What you’ll need to make mini eclairs:
- Kitchen scale
- Stand mixer
- Citrus squeezer
- Culinary torch (and butane cylinders)
- Zip-lock bags (or pastry bags)
- Cake decorating tips
Lime Meringue Mini Eclairs
- 120 g water
- 120 g milk (2% or whole milk is best)
- 15 g sugar
- 5 g salt
- 110 g butter
- 7 g vanilla extract
- 140 g all purpose flour
- 5 eggs
Lime Custard Filling:
- 155 g water
- 130 g sugar
- 20 g cornstarch
- zest of 1 lime
- 120 g lime juice
- 2 egg yolks
- 12 g butter
- 4 egg whites
- 2 cups confectioner's sugar
- Preheat oven to 400F.
- In a large pot, combine the water, milk, sugar, salt, butter, and vanilla and bring to a boil. Lower the heat, add the flour, stir with a wooden spoon. Continue to cook and stir until the dough stops sticking to the edge of the pan.
- Remove from heat and add the eggs one at a time, using a wooden spoon to stir. Make sure each egg is fully mixed and incorporated into the dough before adding the next one.
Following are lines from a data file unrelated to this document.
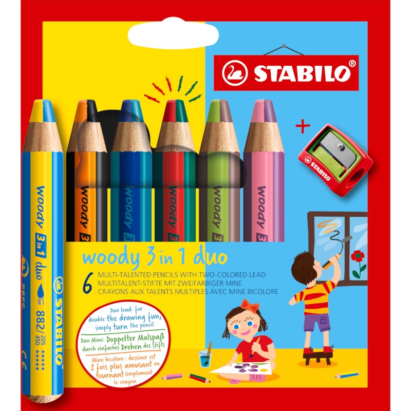 Kleurpotloden | STABILO | Woody 3 in 1 duo | 6 kleuren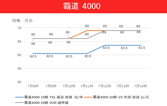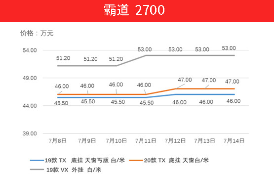 中东版丰田霸道2700,是2017年平行进口车的销量冠军,但是,进入2018年之后,它的好日子就结束了,途乐与帕杰罗的强势崛起着实抢了相当一批霸道的用户。不过,如今三款车型都算是一条绳上的蚂蚱了。上周 19款TX 底挂 天窗 丐版上升5000元,20款TX车型则上升10000元,VX底挂车型更是夸张上升18000元。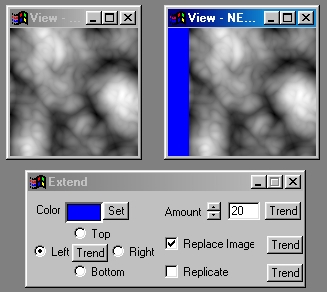 The Extend operation allows you to increase or extend the physical size of the image in any one direction. You have control over the direction of the pixel extension, the number of pixels, and how the new pixels will appear. You also have the option of replacing the previous image, or creating a new image with the specified pixel extension. This operation can be especially useful for creating banner or caption areas in the image for text.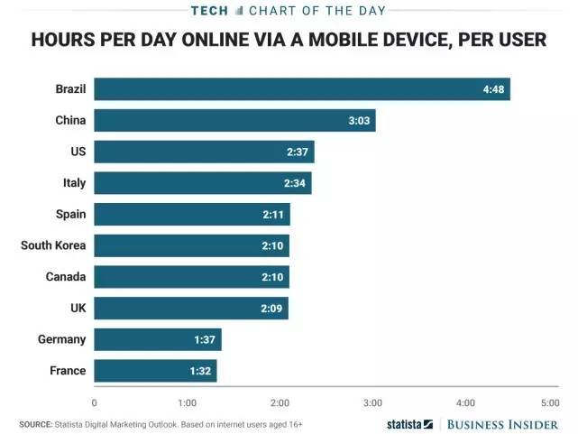 根据Statista的统计数据,在巴西,用户每天花费将近5个小时来玩手机,而中国用户排名第二,每天玩手机花费了3小时。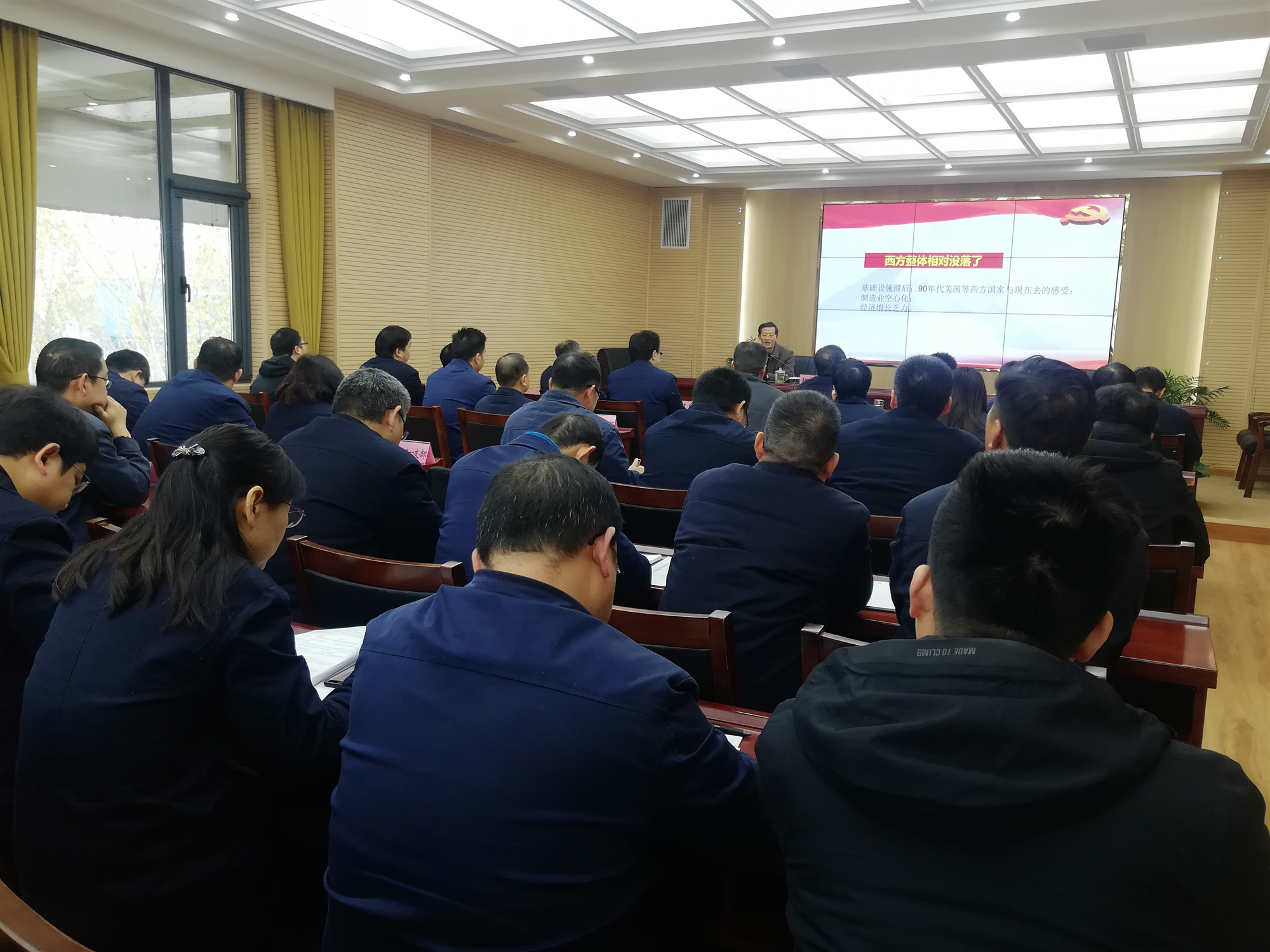 為認真學(xué)習(xí)貫徹黨的十九屆五中全會精神,切實增強同力水泥豫西運營區(qū)全體員工的思想自覺、政治自覺和行動自覺,把十九屆五中全會的各項決策部署和工作要求落到實處,12月3日,黃河同力、騰躍同力舉辦黨委理論學(xué)習(xí)中心組(擴大)集體學(xué)習(xí)報告會,邀請洛陽市委十八大、十九大精神宣講團成員、市委黨校黨史黨建教研部副教授趙家國作題為“歷史交匯點上的宏偉藍圖——黨的十九屆五中全會精神解讀”主題報告。黃河同力、騰躍同力黨委班子成員、各支部書記、中層干部和各支部支委代表40余人等聽取了報告。

- Line a large baking sheet with parchment paper. Fill a pastry bag or zip lock bag with a piping tip (any wide tip will do!) with the dough and pipe dough into 3-inch logs about 3/4 inch thick. Place in the oven and immediately lower the heat to 365F. Bake for 25 minutes, or until the eclairs puff up, turn golden brown, and sound hollow when tapped. Remove from oven.
- Once the eclairs cool, use a knife to cut off the tops to make a canoe-shaped eclair. These eclairs will be filled with the lime custard.
Lime Custard Filling:
- In a medium pot, add all the ingredients except for the butter. Bring to a boil, mixing constantly. Allow to boil for at least 30 seconds. Add the butter, mix until melted, and remove from heat. Place in the refrigerator to cool and thicken. To speed up the cooling, you can pour the the lime custard into a shallow baking tray.
- Add egg whites to a glass or metal mixing bowl. Use a stand mixer or a hand mixer to beat the eggs whites on medium until they start to foam. Slowly sift in the sugar and continue beating constantly until stiff peaks form. The meringue is done when you can flip the bowl upside down and the meringue does not pour out.
Assemble the eclairs:
- Place the cooled lime custard into a piping bag or zip lock bag (no decorative piping tip is necessary). Fill the eclairs with lime custard. Place the meringue into another piping bag with a decorative tip and top the eclairs with meringue.
- If desired, use a culinary torch to brown the meringue and sprinkle with lime zest.